The inner bark of the slippery elm tree contains mucilage that form a viscous or "slippery" liquid when added to water. Native Americans taught the early settlers to use this herb to treat numerous digestive complaints, wounds, and to eat a porridge made from the powdered bark when food was scarce.
Slippery elm's demulcent action treats sore throats, heartburn, stomach ulcers, cough, and inflammation of the bowels. Public speakers and singers benefit from slippery elm lozenges to soothe strained vocal cords causing a "hoarse voice." You can purchase commercially made slippery elm lozenges or create your own by mixing the powdered bark with honey. Mucilage contains soluble fiber that acts as a bulking agent to improve both chronic constipation and also to treat diarrhea. Early nineteenth-century physicians made a gruel made from the inner bark to feed sick infants and convalescing patients that were incapable of tolerating other food.

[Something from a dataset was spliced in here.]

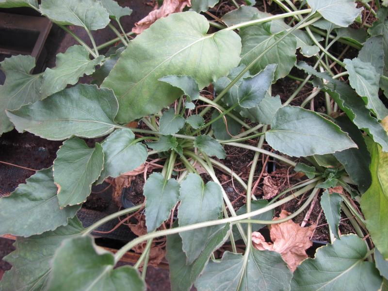 Vor anderthalb Jahren wurde mir ein vertrockneter Blütenstängel einer blau blühenden Königskerze von Krk in die Hand gedrückt. Ein blaues Verbascum erschien mir interessant, weshalb ich die Samen aussäte. Letztes Jahr bildeten die Pflanzen solch eine Rosette mit graugrünem Laub.

Externally slippery elm benefits wounds and infections. A poultice made from the inner bark drains pus from abscesses (boils, carbuncles). During the American revolution, field doctors applied slippery elm poultice to gunshot wounds.

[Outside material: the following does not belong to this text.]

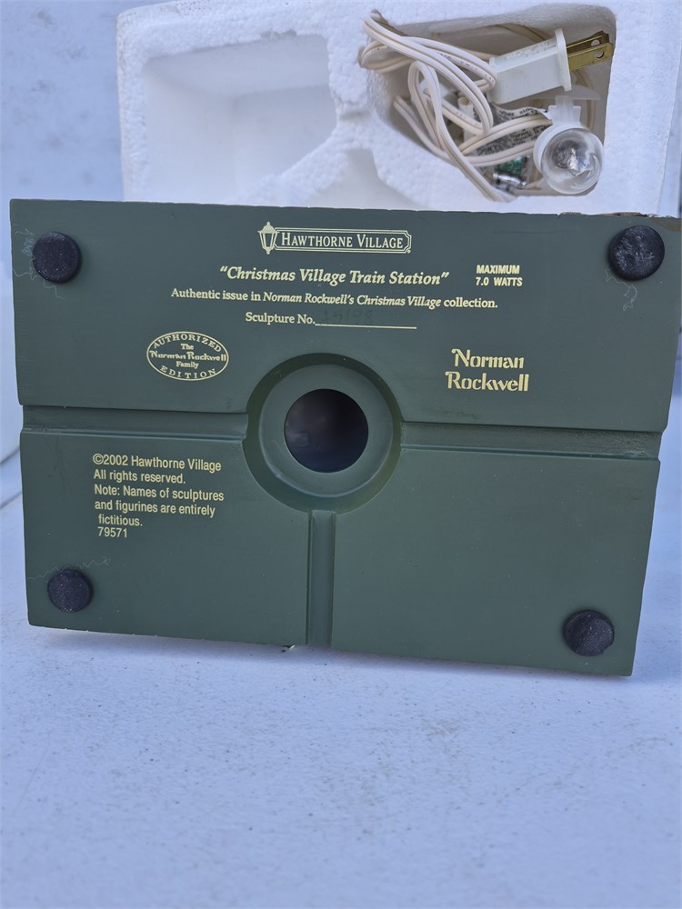 Hawthorne Norman Rockwell’s Christmas Village  “Christmas Village Train Station”. Comes light.

Add 1-2 tsp of powder to a cup of cold or hot water for best results, or take capsules and lozenges with a glass of water. Avoid using expensive slippery elm tinctures because mucilage extraction does not require alcohol.
Note: Due to Dutch elm disease and over-harvesting, slippery elm bark became threatened species. Ensure your supplier of slippery elm obtains it responsibly.